Step 3. Try a fly with the pecs in an inclined position
In this variation of the previous exercise, you have to keep your arms outstretched at an angle of 45 ° and not 90 ° to the body. Look for a stable object that can hold the sash at a lower angle, such as a railing on a flight of stairs or a firm door handle.
- Pass the elastic band behind the stable object at a 45 ° angle. Hold both ends of the band in your hands and stretch it across your arms, which should form a 45 degree angle and stay slightly below shoulder height.
- Inhale as you bring your arms forward, towards your head, so that your hands meet in front of your chest at a 45 ° angle.
- Exhale as you return to the starting position, with your arms extended to the side.
- Repeat these movements, inhaling and exhaling, for 10-15 repetitions.
Step 4. Fly with your pecs bent forward
In this variation, you will bring your arms towards the floor and not towards your head. It may be easier to do this if you kneel on the ground. You can use the same object you chose for the sloped fly. Make sure you pass the elastic band behind the stable object so that it cannot move during the exercise.

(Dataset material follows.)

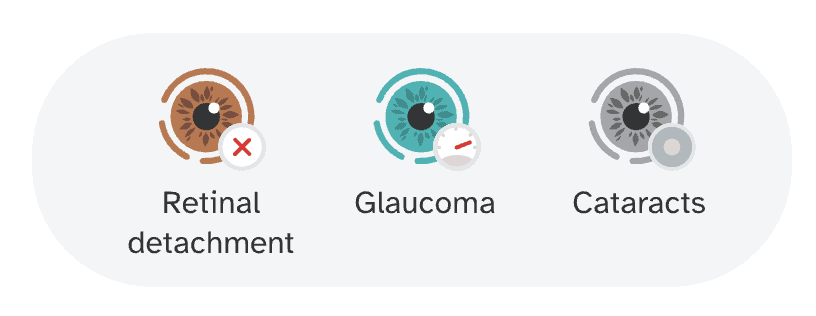 Nearsightedness can cause blurry vision, the need to squint to see clearly, and headaches from eyestrain. These symptoms can usually be managed with the use of eyeglasses, contact lenses, or corrective surgery. Nearsightedness is associated with an increased risk for other eye conditions, like retinal detachment, glaucoma, and cataracts. People with more severe nearsightedness are more at risk for these conditions.

- Kneel with your back to the stable object and pass the band behind it so that it is at a 45 ° angle to your body. Hold both ends of the band in your hands and stretch it across the width of your arms, which should form a 45 ° angle with your body and stay slightly below shoulder height.

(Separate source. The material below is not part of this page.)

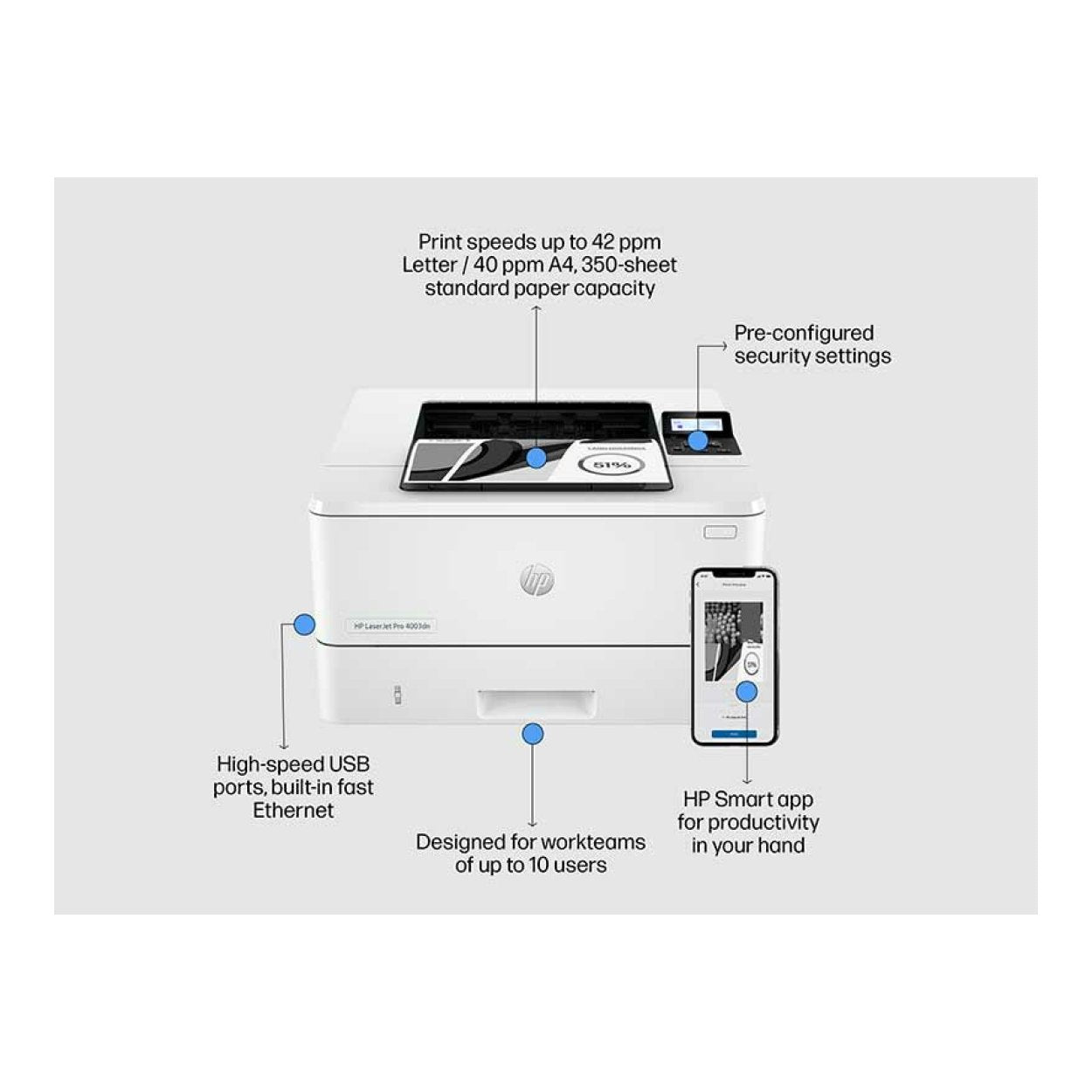 HP LaserJet Pro 4003dn A4 Mono Laser Printer 2Z609A

- Inhale as you bring your arms forward, towards the ground, so that your hands meet in front of your chest at a 45 degree angle.
- Exhale as you return to the starting position, with your arms extended to the side.

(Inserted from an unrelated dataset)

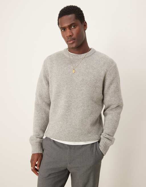 Jersey gris extragrande con cuello redondo de punto de Selected

- Repeat these movements, inhaling and exhaling, for 10-15 repetitions.
Method 3 of 3: Chest Lifts and Elastic Band Pushups
Step 1. Do a bench press lift with the elastic band
To do this exercise, you need a training bench that you can lift. If you don't have one, you can use a regular bench, as long as it can support your weight and you are able to lift it.
- Place the band under the legs of the bench near your head or upper body. Lie down on the bench and hold both ends of the sling. Bend your elbows and keep them facing away from you.
- Inhale as you extend your arms, until they are directly above you. Then, exhale as you bring your arms back towards your body and bend your elbows outwards.
- Repeat these movements 10-15 times.
Step 2. Try a standing chest lift
This exercise is great if you don't have gym equipment and are looking for a way to get your pecs to work. You need a stable object to tie the sling to during movement.
- Pass the elastic band behind the stable object at a 45 ° angle to the body. You can also use the band at 90 ° if you can't find a stable object with a lower bar.
- Hold both ends of the resistance band, keeping the handles horizontal and your elbows close to your body.
- Inhale as you extend your arms, until they are directly above you. Then, exhale as you bring them back towards you, bending your elbows.
- Repeat these movements 10-15 times.
Step 3. Try push-ups with the resistance band against a wall
Try this exercise if you are using elastic bands for the first time and are looking to build up your muscle mass. Doing push-ups on the ground is difficult for a beginner, so start in a standing position.
- Pull the band around your body so that it is under your shoulder blades in the middle of your back. Hold the handles of the band with your hands and hold them against a wall. Stand up straight, keep your legs straight behind you and together. Your body should form a sharp angle with the wall.
- Inhale and push your hands against the wall as you lower your body towards it. Exhale as you take your body off the wall.
- Repeat these movements 10-15 times.
Step 4. Test yourself with military push-ups with an elastic band
Once you are familiar with the wall push-up position, move on to the floor push-ups.
- Loop the band around your upper body, just below the shoulder blades. Hold the handles of the band with your hands and bring them to the ground at shoulder distance. Keep your legs stretched out behind you, bringing your feet together.
- Inhale as you push down with your hands and lower your body towards the floor. Exhale as you push with your hands to the ground and lift your body.
- Repeat these movements 10-15 times.